*About this task*: Return the line containing "<lora:SPIDERFIST-05:1> spiderfist, short" and every line beneath it through the end of the entries below, unchanged. Pictures stay out.

··· Given entries ···

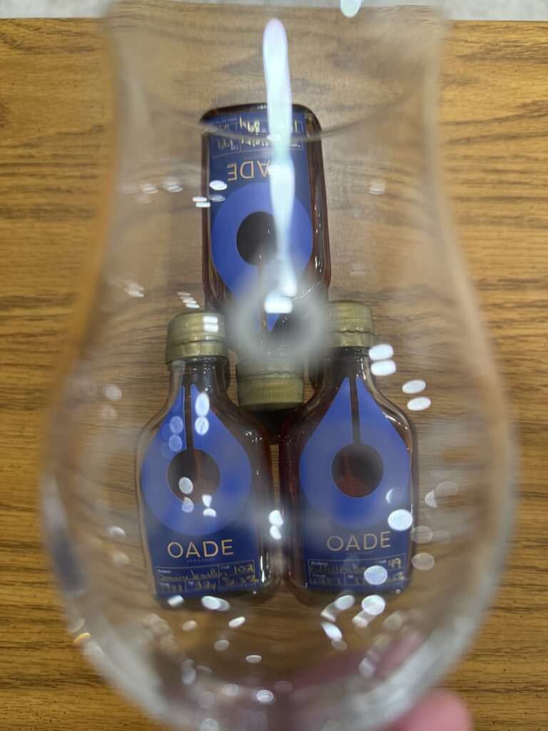 Three oade samples on desk with tasting glass balanced on top in front of liquor collection
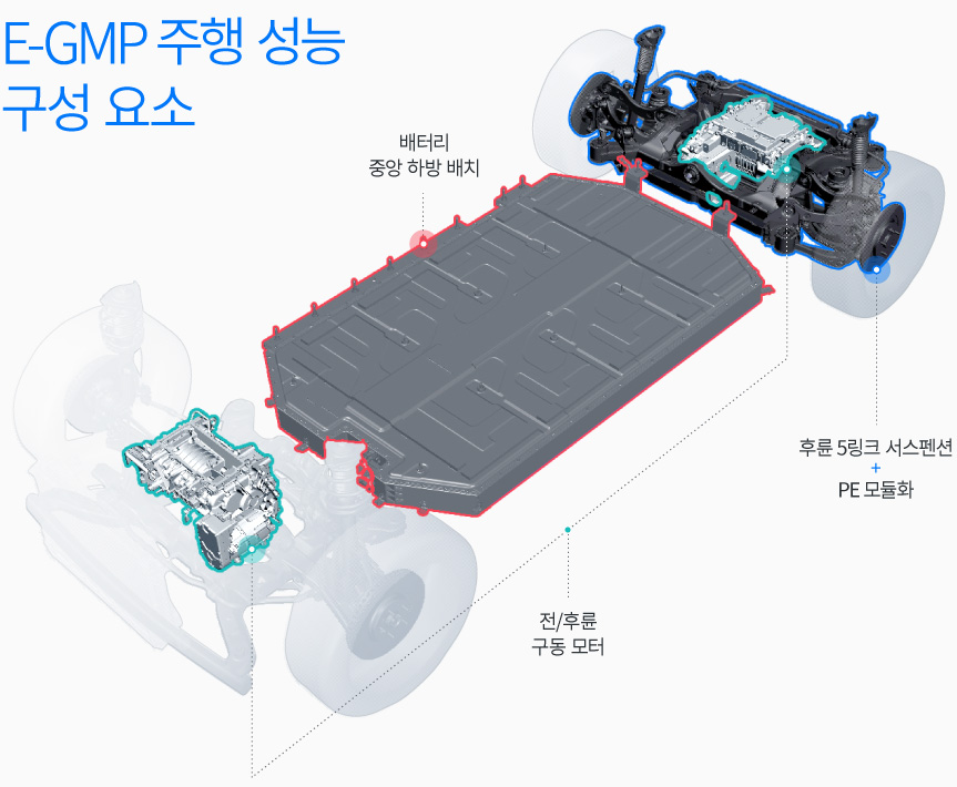E-GMP를 바탕으로 하는 전기차는 저중심 설계를 적용해 세단, SUV, CUV, 고성능차 등 차종에 관계없이 직진 가속 및 코너링, 승차감 등 전반적인 주행 품질이 우수하다.
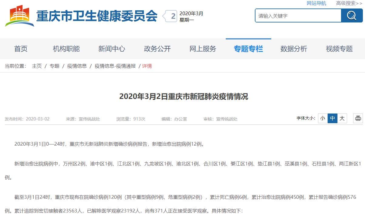 截至3月1日24时,重庆市现有在院确诊病例120例(其中重型病例9例、危重型病例2例),累计死亡病例6例,累计治愈出院病例450例,累计报告确诊病例576例。累计追踪到密切接触者23563人,已解除医学观察23192人,尚有371人正在接受医学观察。
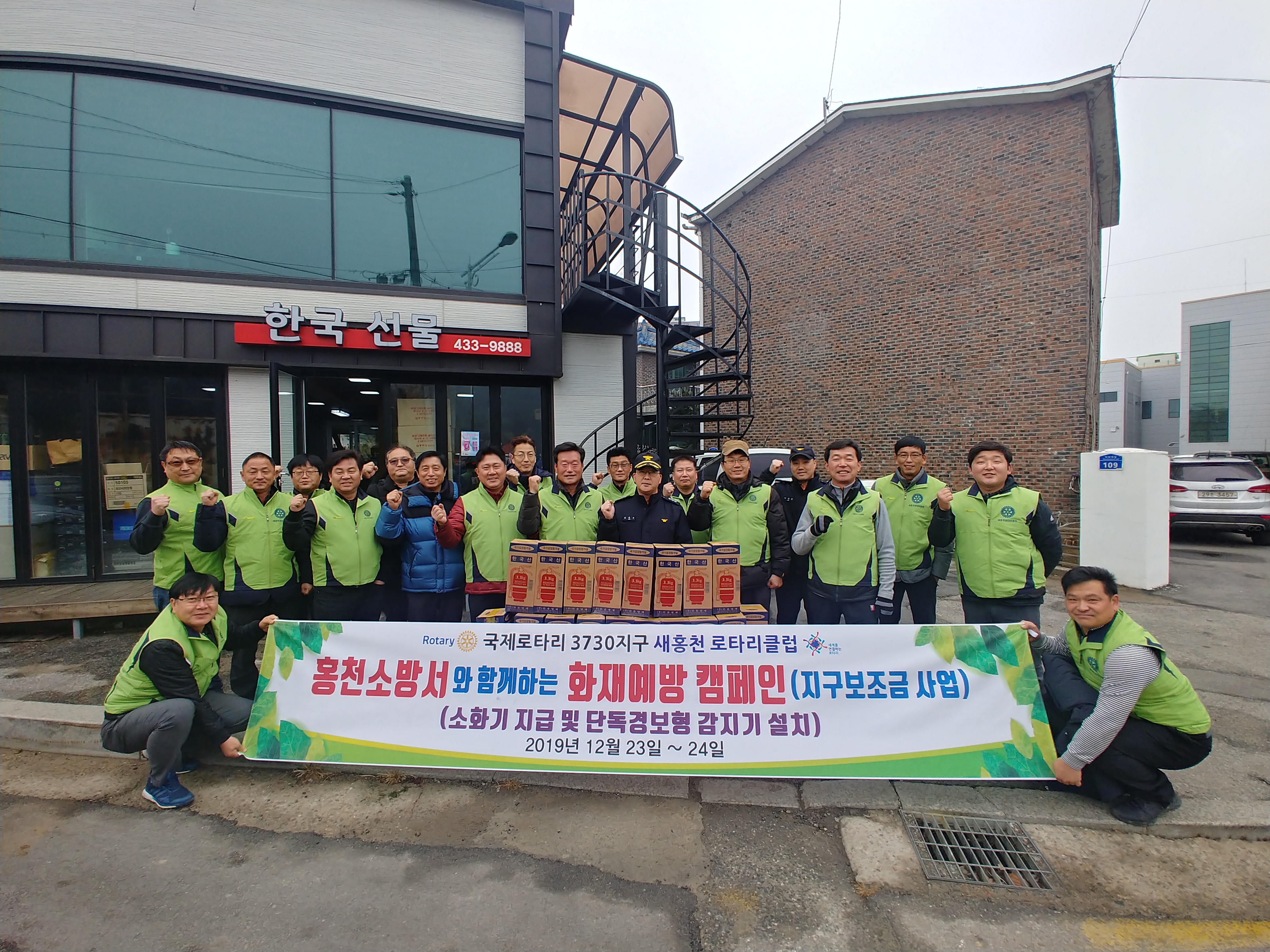 □ 이번 화재예방 캠페인과 함께 새홍천 로터리클럽은 홍천군 관내 취약계층 100여 가구를 대상으로 기초소방시설(소화기, 감지기)을 무료로 기증 설치하는 봉사활동도 함께 펼쳤다.
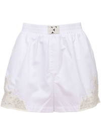 poplin boxer shorts Highlights - White - Cotton - Poplin texture - Applique logo - Floral-lace detailing - High waist - Elasticated waistband - Two side slash pockets - Thigh-length Imported Composition Cotton 100%
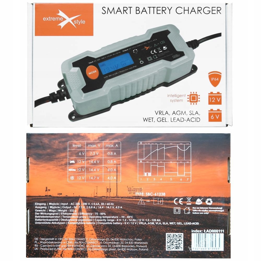 Extremeestyle | Інтелектуальний випрямляч акумулятора 6В 12В | VRLA, AGM, VLA, SLA, EFB, WET, GEL, свинцево-саговина
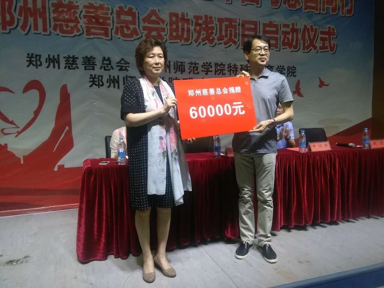 会议初始,特殊教育学院申培新书记发表致辞,向与会的慈善总会领导和爱心企业家们表示热烈的欢迎,他指出这项活动的举行,对于进一步鼓舞社会各界人士扶弱助残起到了积极的示范作用。王合生副秘书长发言表示,该项目是继“慈善的声音”——贫困听障儿童救助慈善项目、“聋艺画廊”——聋人创业慈善项目、“聆听世界 触摸光明”——盲童救助慈善项目等多个助残类慈善项目之后,郑州慈善总会在慈善助残领域的又一次大胆尝试,自2012年起,郑州慈善总会在助残领域不断探索,研究残疾人群体的迫切需求,使慈善资源能够为各类残疾人群体提供最有效最贴心的帮助。在本次启动仪式上郑州慈善总会向艺术团捐赠善款六万元用于项目的实施,另有中牟企业家联合商会的王燕灵董事长和冯广伟董事长现场为我校三名贫困聋人大学生捐赠总额一万五千元的助学金。
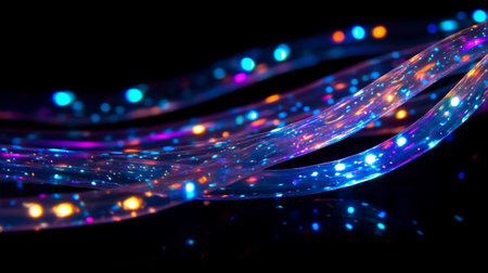 optical fibres dinamic flying from deep on technology background
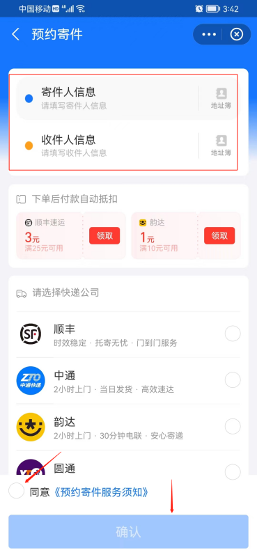 3、填写寄件人和收件人的信息,寄件人就是你自己,收件人就是你想把快递发给对方的人,然后选择发送什么快递,在J的第一面检查,勾选缓宏同意须知击确认;
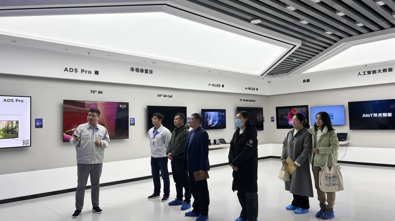 调研期间,伦理电影一行在企业负责人的陪同下参观了青岛宏智软件有限公司各部门工作室、青岛京东方光电科技有限公司成果展示厅和生产线。
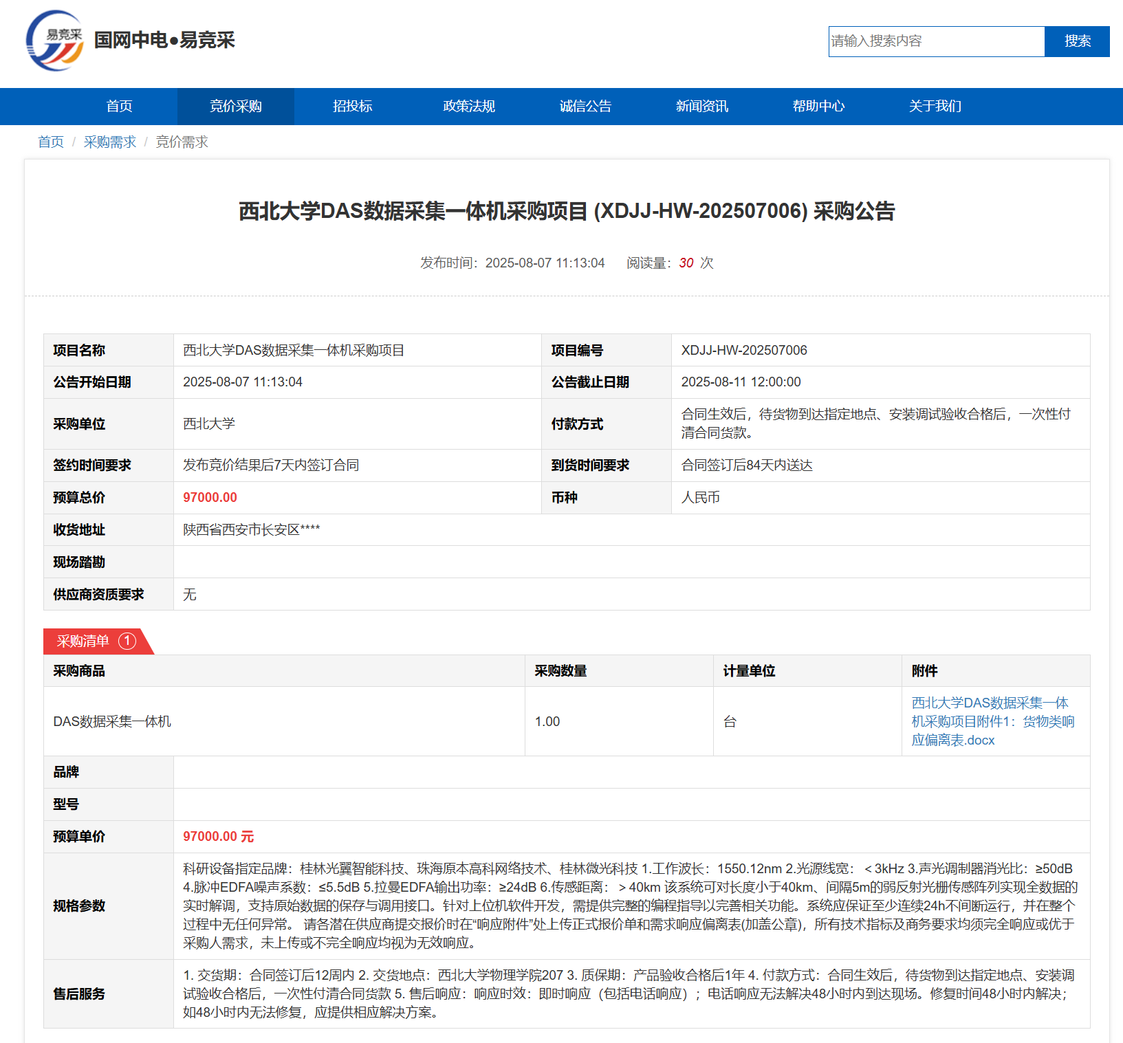 米兰网页版·官方端在线DAS数据采集一体机采购项目(XDJJ-HW-202507006)竞价采购公告
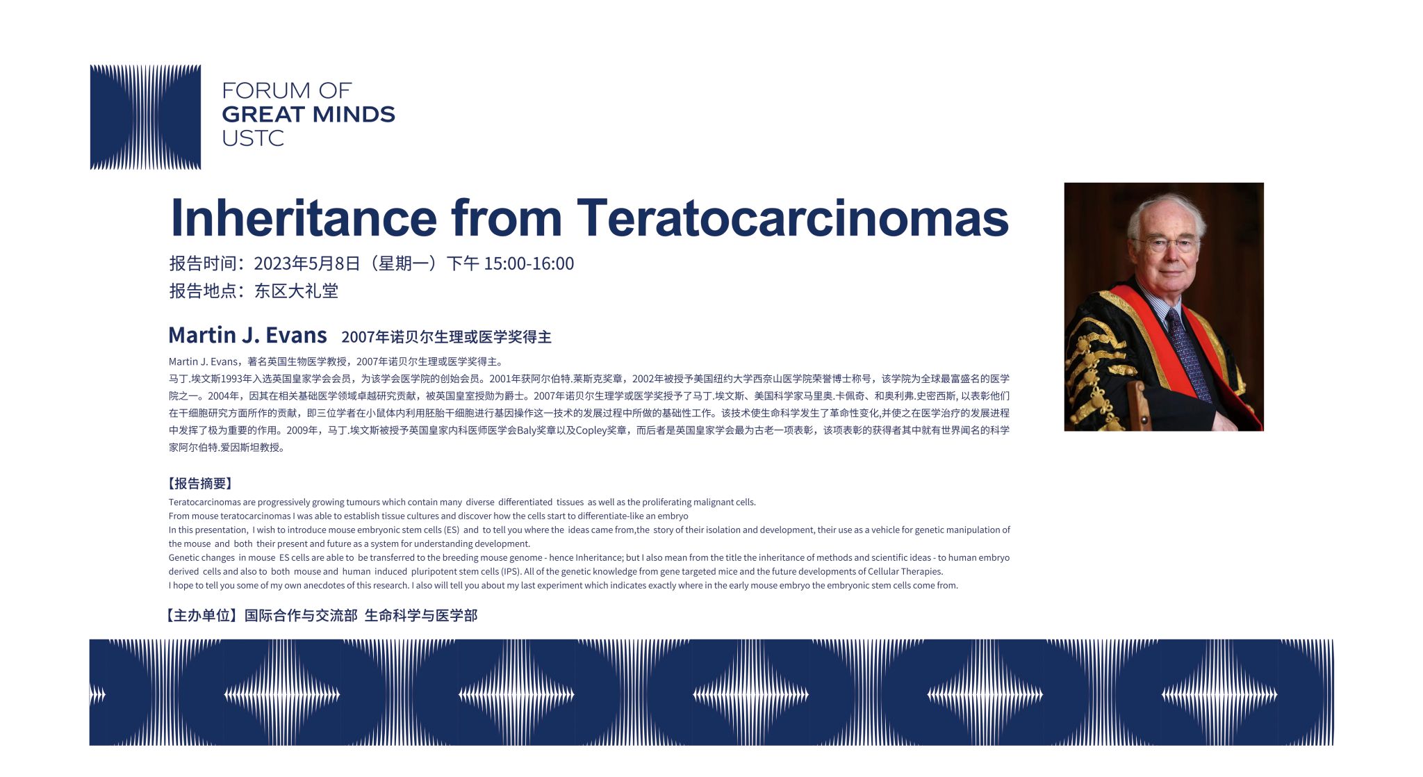 应学校邀请,著名英国生物医学家、2007年诺贝尔生理或医学奖得主Martin J. Evans教授将于2023年5月8日来校作“Inheritance from Teratocarcinomas”学术报告。
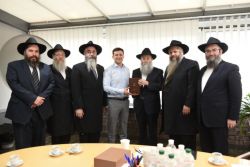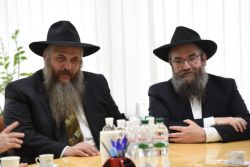 הרב פנחס וישצקי (קיצוני מימין) בפגישה עם נשיא אוקראינה היהודי מר ולדימיר זלנסקי (במרכז)
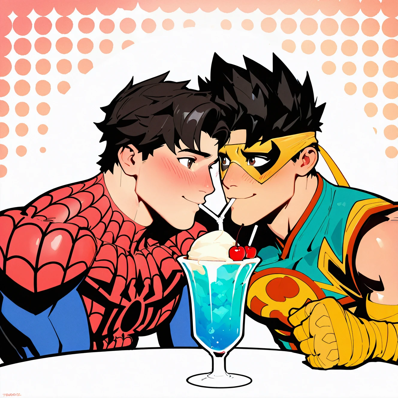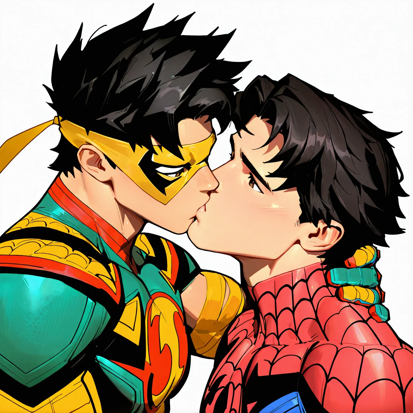 <lora:SPIDERFIST-05:1> spiderfist, short hair, male focus, multiple boys, 2boys, muscular, black hair, muscular male, yaoi, bara, pectorals, large pectorals, looking at another, mask, blush, bodysuit, domino mask, brown hair, ???????, ????, smile, ????????, superhero, abs
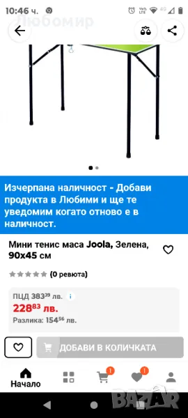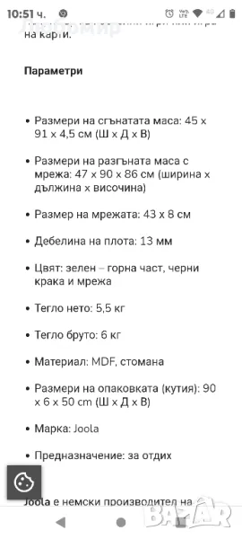 Този продукт не е устойчив на атмосферни влияния.Искате ли да подобрите уменията си по тенис на маса, но имате малко място? Масата за тенис на маса JOOLA MINI GREEN ще бъде идеална за това!

···

*The answer*:
 <lora:SPIDERFIST-05:1> spiderfist, short hair, male focus, multiple boys, 2boys, muscular, black hair, muscular male, yaoi, bara, pectorals, large pectorals, looking at another, mask, blush, bodysuit, domino mask, brown hair, ???????, ????, smile, ????????, superhero, abs
 Този продукт не е устойчив на атмосферни влияния.Искате ли да подобрите уменията си по тенис на маса, но имате малко място? Масата за тенис на маса JOOLA MINI GREEN ще бъде идеална за това!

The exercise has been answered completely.